Sono stati scritti fiumi di inchiostro e riempiti gli scaffali delle librerie sull’uso dei social network e dei diversi sistemi di messenger nelle varie “primavere arabe” e nell’attivazione di proteste come Occupy Wall Street, ma a guardare con attenzione siamo ancora all’anno zero sull’utilizzo dei mezzi di comunicazione più diffusi tra la gente per comunicare stati di allerta e informare su ciò che si deve fare nel caso di emergenze.



Mentre, infatti, guardiamo con invidia e curiosità al lavoro che ad esempio la Fema americana, cioè la struttura federale chiamata ad intervenire nelle emergenze, ha avviato da tempo integrando i social network al sistema tradizionale di gestione dell’emergenza, si deve tristemente constatare che la nostra Protezione Civile è ancora indietro.
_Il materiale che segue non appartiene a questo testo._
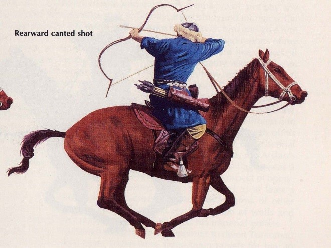 Tuy nhiên, chỉ khi người du mục ở Trung Á biết kết hợp sức mạnh và lợi điểm của cây cung liên hợp (composite bow) với sức di động (mobility) của giống ngựa vùng mạc bắc, họ mới tạo thành được sức mạnh khủng khiếp để trở thành một đế quốc hùng mạnh vào thế kỷ XIII, XIV. Ðế quốc đó như một vết dầu loang, lan rộng sang khắp vùng Tây Á, tiêu diệt những quốc gia hết sức bạo tợn và dũng mãnh trong thế giới Hồi giáo và Thiên Chúa giáo rồi theo đà tràn xuống miền nam chiếm lĩnh cả một khu vực văn minh bậc nhất thế giới là nước Trung Hoa.

Basta fare un giro sul sito per capirlo: pagine e pagine 1.0 di decreti, avvisi, comunicazione istituzionale, bandi e curiosità, ma niente che assomigli ad un programma 2.0 di utilizzo dei social per il supporto all’informazione e al dialogo digitale con i cittadini.



La Protezione Civile italiana non ha un account twitter e nemmeno una pagina Facebook. Non c’è una indicazione sull’utilizzo di messenger né un numero da utilizzare con whatsapp. Tanto per restare alle tecnologie di base. E anche quando si trovano degli account da parte di strutture di Protezione Civile comunali non supera qualche decina o al massimo centinaia di follower. La Protezione Civile di Genova aveva poco più di 700 follower nei giorni del disastro, saliti a oltre mille nei giorni successivi. L’account è stato aperto solo sei mesi fa. La Protezione Civile della Toscana, Regione colpita dalla bomba d’acqua dei giorni scorsi, ha 700 follower e non ha mai twittato. Ovviamente il prefetto Franco Gabrielli, capo della Protezione Civile, non ha un suo profilo twitter. Ma nemmeno Carabinieri e Polizia di Stato hanno profili twitter da usare per comunicare o ricevere comunicazioni istantanee.



Eppure nel mezzo di una emergenza le persone hanno con sé solo lo smartphone e certo non sono in grado di accendere la televisione e la radio, che per la struttura di comunicazione della nostra Protezione civile rimangono di fatto gli unici canali. Basterebbe, invece, molto poco e con costi veramente irrisori per potenziare un canale di comunicazione efficace e diffuso non solo per allertare la gente nel caso di emergenza e guidarla nel compiere azioni che possano metterla al sicuro, ma anche per guidare le strutture dei volontari e i tanti singoli cittadini che in questi casi si mettono subito all’opera per salvare vite umane o arginare il peggio. Non mancano i professionisti che potrebbero guidare la Protezione Civile nel predisporre un piano di accesso ai social network e non c’è azienda – Facebook, Twitter o Google, tanto per citarne qualcuna – che non si impegnerebbe ad una educazione digitale del personale statale e dei volontari.



La Protezione Civile deve, dunque, affiancare i numeri verdi telefonici con profili differenziati per target (cittadini, strutture istituzionali, volontari) ed avviare una seria e diffusa campagna di informazione affinché questi profili diventino uno dei canali previlegiati di dialogo con la gente. Deve estendere il piano di accesso ai social alle protezioni civili territoriali e mantenere uno standard rigoroso di comunicazione con regole di ingaggio valide per tutti.

Ne verrà valorizzato senza dubbio anche il lavoro importante e generoso di tanti operatori della protezione civile, delle organizzazioni di emergenza e dei volontari.